I’ve started with a boring one - the lights. A few iterations in, I got the following:

alias: Bilresa lights
mode: single

trigger:
  - platform: state
    entity_id:
      - event.bilresa_scroll_wheel_button_1
      - event.bilresa_scroll_wheel_button_2
      - event.bilresa_scroll_wheel_button_3
      - event.bilresa_scroll_wheel_button_4
      - event.bilresa_scroll_wheel_button_5
      - event.bilresa_scroll_wheel_button_6
      - event.bilresa_scroll_wheel_button_7
      - event.bilresa_scroll_wheel_button_8
      - event.bilresa_scroll_wheel_button_9

condition:
  - condition: template
    value_template: >
      {{ trigger.to_state is not none and trigger.to_state.attributes.event_type is defined }}

variables:
  presses: "{{ trigger.to_state.attributes.totalNumberOfPressesCounted | int(0) }}"

  map:
    event.bilresa_scroll_wheel_button_1: { light: light.desk, kind: inc }
    event.bilresa_scroll_wheel_button_2: { light: light.desk, kind: dec }
    event.bilresa_scroll_wheel_button_3: { light: light.desk, kind: toggle }

    event.bilresa_scroll_wheel_button_4: { light: light.big, kind: inc }
    event.bilresa_scroll_wheel_button_5: { light: light.big, kind: dec }
    event.bilresa_scroll_wheel_button_6: { light: light.big, kind: toggle }

    event.bilresa_scroll_wheel_button_7: { light: light.night, kind: inc }
    event.bilresa_scroll_wheel_button_8: { light: light.night, kind: dec }
    event.bilresa_scroll_wheel_button_9: { light: light.night, kind: toggle }

  target_light: "{{ map[trigger.entity_id].light }}"
  kind: "{{ map[trigger.entity_id].kind }}"

  step: >
    {% if kind == 'inc' %}
      {{ [presses * 10, 100] | min }}
    {% elif kind == 'dec' %}
      {{ [presses * -10, -100] | max }}
    {% else %}
      0
    {% endif %}

action:
  - choose:
      - conditions: "{{ kind in ['inc','dec'] and presses > 0 }}"
        sequence:
          - service: light.turn_on
            target:
              entity_id: "{{ target_light }}"
            data:
              brightness_step_pct: "{{ step }}"

      - conditions: "{{ kind == 'toggle' and presses == 1 }}"
        sequence:
          - service: light.toggle
            target:
              entity_id: "{{ target_light }}"

This automation maps the three LEDs on the remote to three lights (desk, big, night) and allows me to either toggle them by pressing the wheel or control their brightness by turning the wheel clockwise or counter‑clockwise.

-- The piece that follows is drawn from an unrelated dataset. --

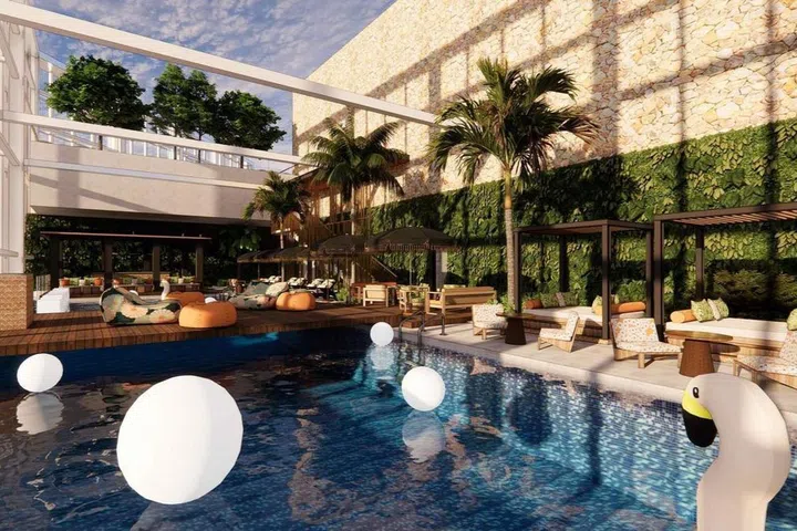 A set of stairs with a mid-level landing (vaguely reminiscent of the invite-only club Filter) next to the pool will guide guests to C.O.T.U.’s boutique ultralounge Dashi Go Go, a sophisticated, neon-lit space serving up bold, vibrant cocktails and premium bottle service.
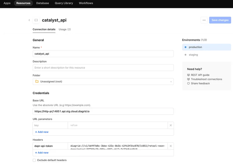 - Retool uses the concept of Apps for web applications and Resources for backing services. Create a resource that represents your Catalyst frontend App ID.

That's a good start. Can't think of anything else right now (well, okay, that's not true, but it's out of scope of this post).

Conclusion

I’m glad I bought it. Not because it was plug‑and‑play (it wasn’t, however that was kind of my fault), but because it forced me to actually understand how Matter, Thread, and my own network fit together.

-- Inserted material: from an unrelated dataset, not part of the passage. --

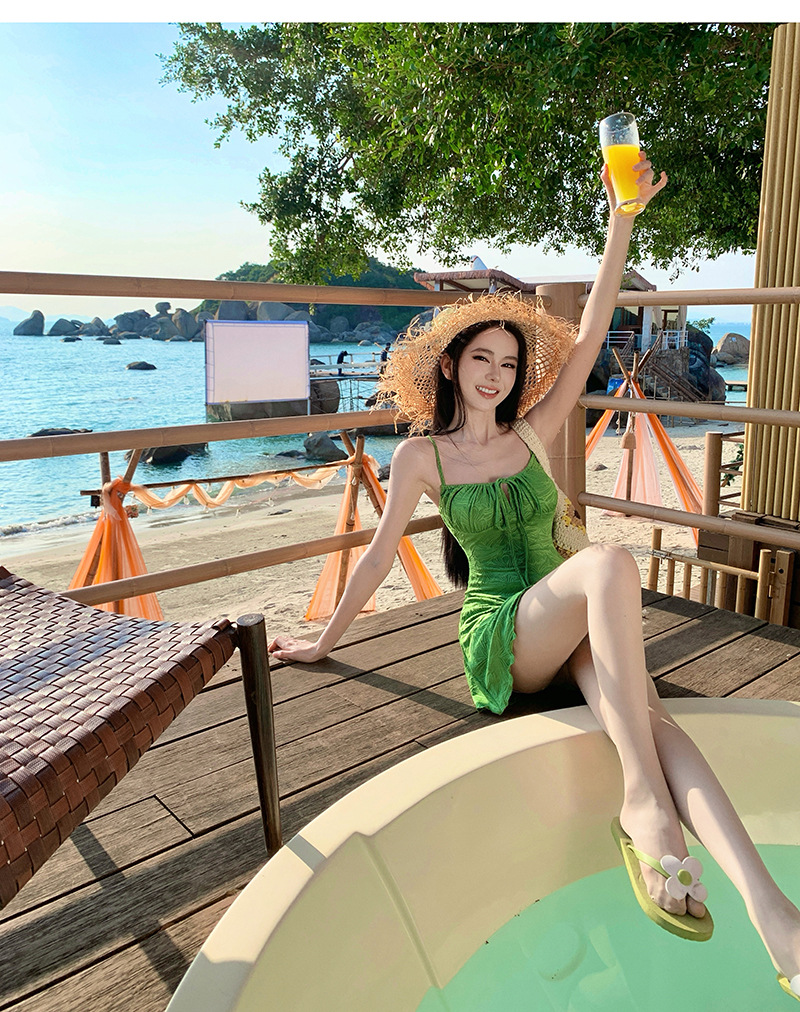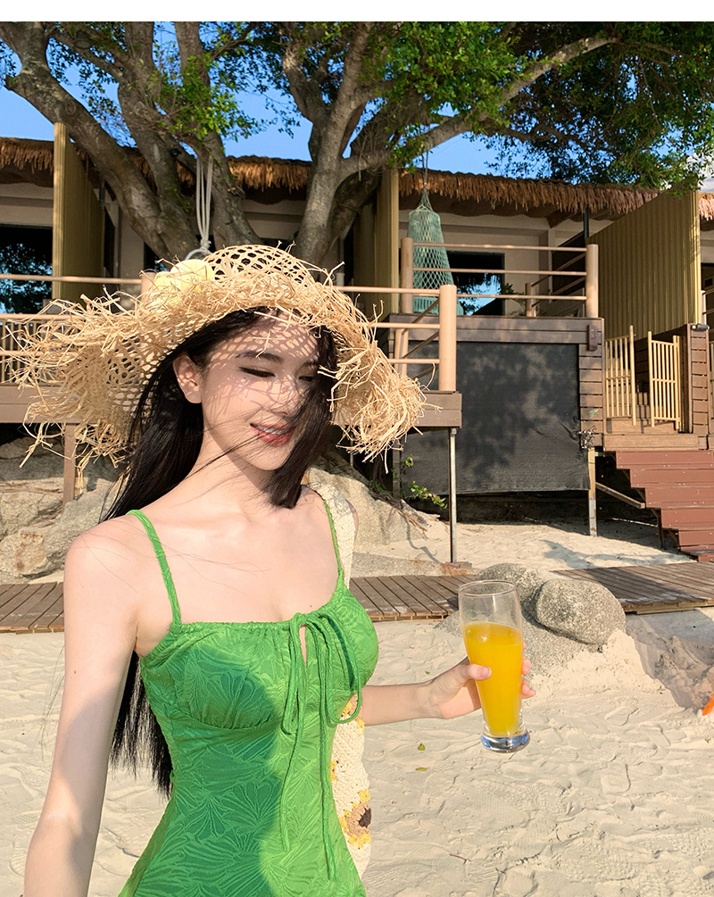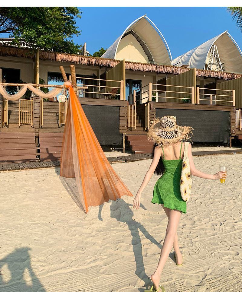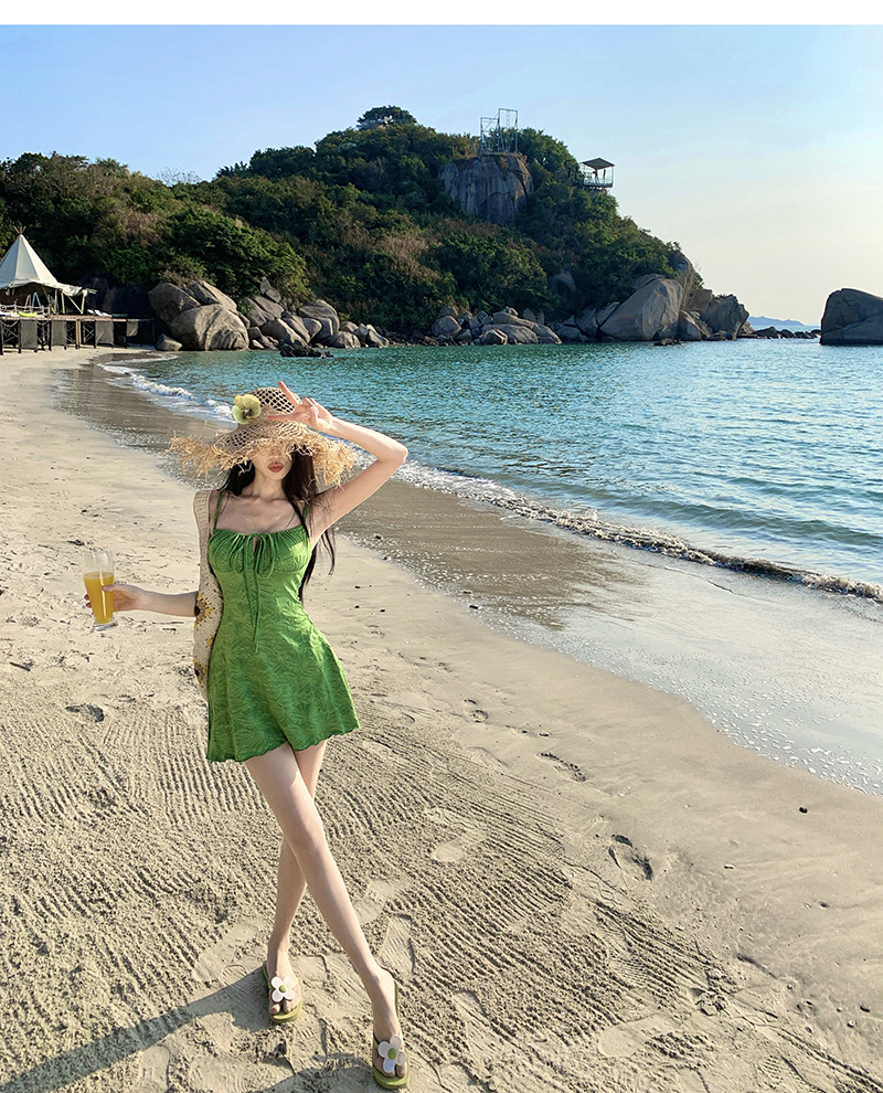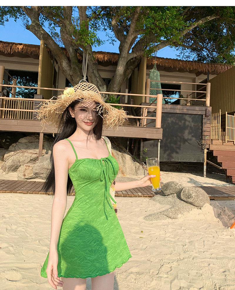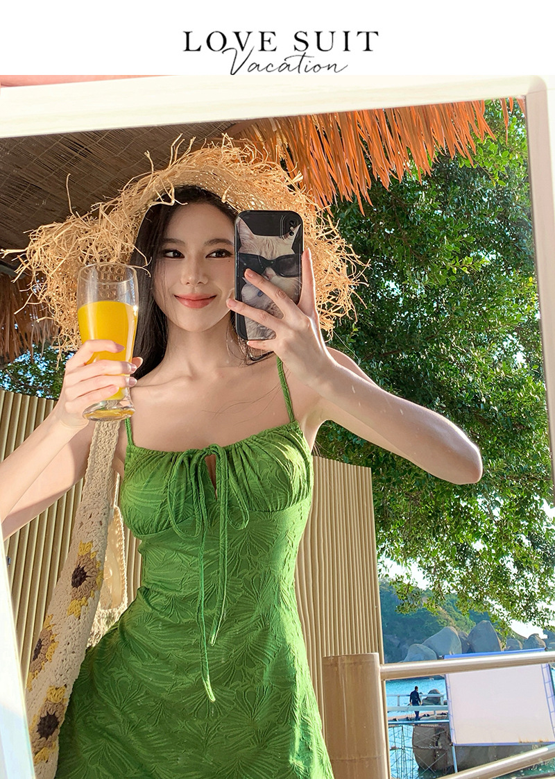 HSPN205B100003 迷霧森林ins復古綠吊帶長裙溫泉泳衣顯白顯瘦森系少女拍照超出片

BILRESA itself is a surprisingly capable little controller once you embrace the fact that it’s stateless and a bit opinionated. Three modes, nine logical buttons, no feedback about where you are - but plenty of flexibility if you’re willing to do the thinking in Home Assistant.

My home Matters now (gee, thanks, brain). And more importantly, the next Matter device I bring in hopefully won’t send me down an rabbit hole quite as deep as this one did.